What is the maximum number of security groups a user can be a member in windows active directory and azure active directory ?
What is the maximum number of security groups a user can be a member in windows active directory and azure active directory ?
Hi,
The maximum number of security groups a user can be a member in windows active directory is 1024.
So, if a user is a member of more than about 1,010 custom security groups, the total number of SIDs can exceed the 1,024 SID limit.
For more details you can refer to: https://docs.microsoft.com/en-us/troubleshoot/windows-server/windows-security/logging-on-user-account-fails
The maximum number of security groups a user can be a member in azure active directory: A user can be a member of any number of groups.

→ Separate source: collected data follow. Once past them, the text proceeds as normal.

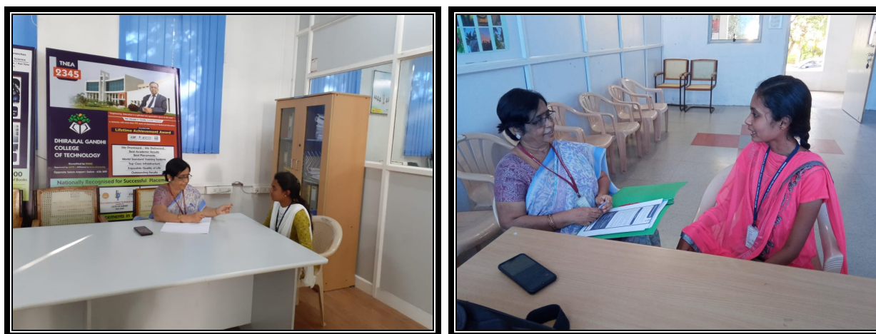
Glimpse of Girl Student Counseling
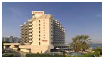
Leonardo Plaza Hotel Tiberias | ★★★★★

St. Catherine Village, Wadi El Raha is located in South Sinai and offers spacious chalets with a terrace. It boasts a restaurant with a 24-hour room service. The property features beautiful views of St. Catherine Monastery. All accommodation at St. Catherine Village, Wadi El Raha are air-conditioned and simply furnished.
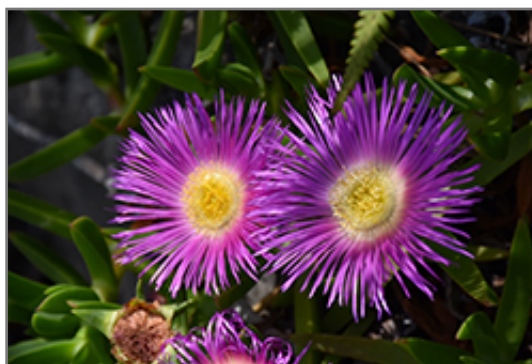
Trailing Iceplant flowers
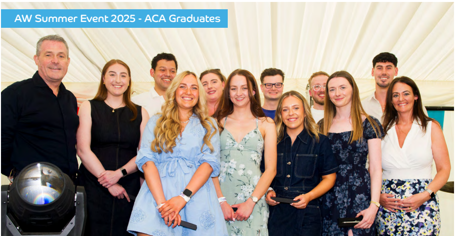
AW Summer Event 2025 - ACA Graduates
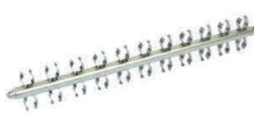
VM80-B Tube Holder Frame: 15ml Sharp Bottom Tube x 22
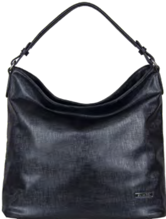
Gauze hobo - 31011
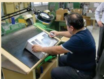
Seated de-burring and angled operation
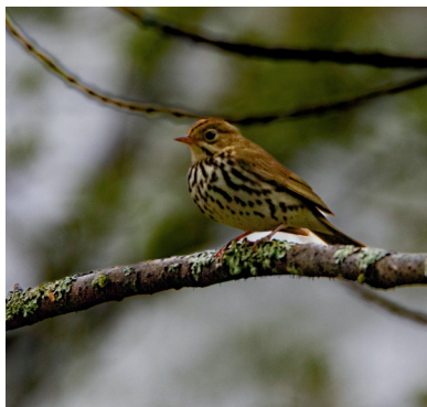
Ovenbird
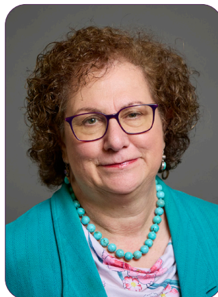
Hilary Cass, UK
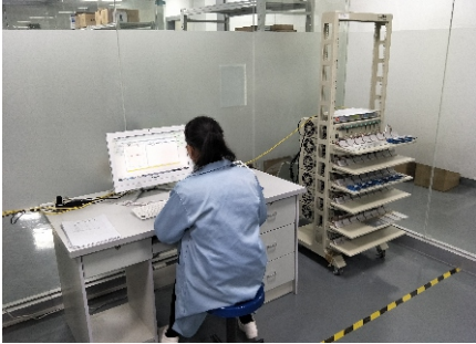
充放电系统 CC/CV 恒流恒压充电 精密度0.0001 Battery Charge-discharge Tester Constant Current and constant Voltage Accuracy 0.0001
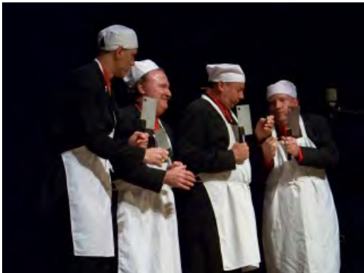
The "Butchers of Harmony" (a.k.a. FRED!)
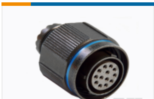
TE Part #YDTS26W21-16SNV001 PLUG ASSY
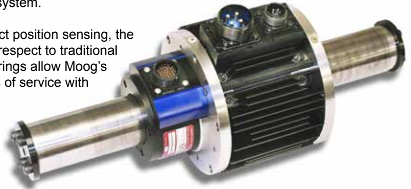
Linear motors are a high force, direct drive solution for industrial applications.

Other common names for this device include linear servo, brushless motor or linear servo motor.
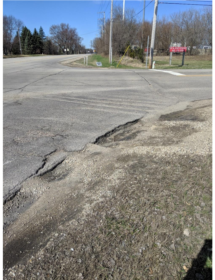
Huntley Rd & Ackman Rd Edge of pavement damaged at corner radii
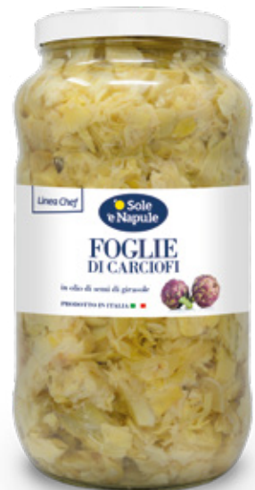
Foglie di carciofi 2900 g Artichokes leaves in oil 2900 g cod. CARF0G3 ean: 8014259333453
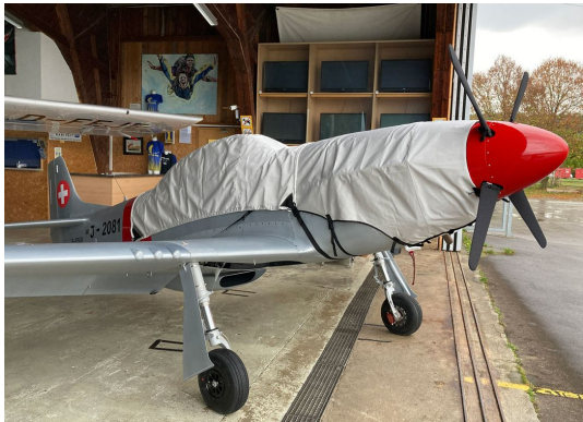
SW-51 Mustang Canopy & Engine Covers

This cover type is made from Silver Acrylic Sunbrella canvas and is 100% lined with a soft and smooth microfiber. Bruce's Custom Covers developed this material combination especially for aircraft protection. The outer material is medium weight and treated for water resistance, UV resistance and anti-static buildup. The inner lining is a very soft and smooth microfiber to prevent scratching. The material is very reflective, and tests show that the cabin interior temperature can be reduced to near-ambient temperature on the hottest of days. It is water, ice and snow repellent, yet breathable to allow moisture to escape from between the cover and the aircraft surface.
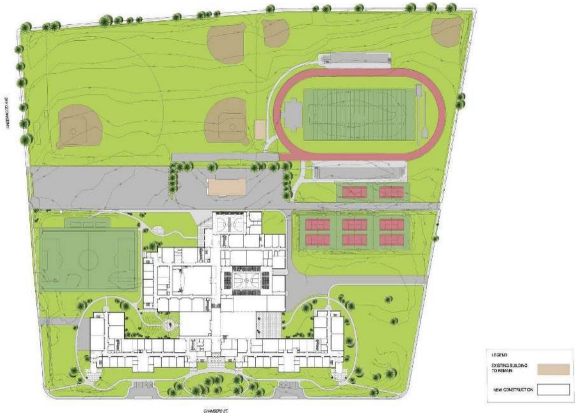
Site plan for the new Trenton Central High School

The SDA will move forward with plans for a new school utilizing a design-build approach. In order to prepare the school site for the construction a new building, the SDA anticipates demolition activities will begin in the spring of 2015.

For more details you can refer to: https://docs.microsoft.com/en-us/azure/active-directory/enterprise-users/directory-service-limits-restrictions
Best Regards,
Azure Active directory
- A non-admin user can create a maximum of 250 groups in an Azure AD organization. Any Azure AD admin who can manage groups in the organization can also create unlimited number of groups (up to the Azure AD object limit). If you assign a role to remove the limit for a user, assign them to a less privileged built-in role such as User Administrator or Groups Administrator.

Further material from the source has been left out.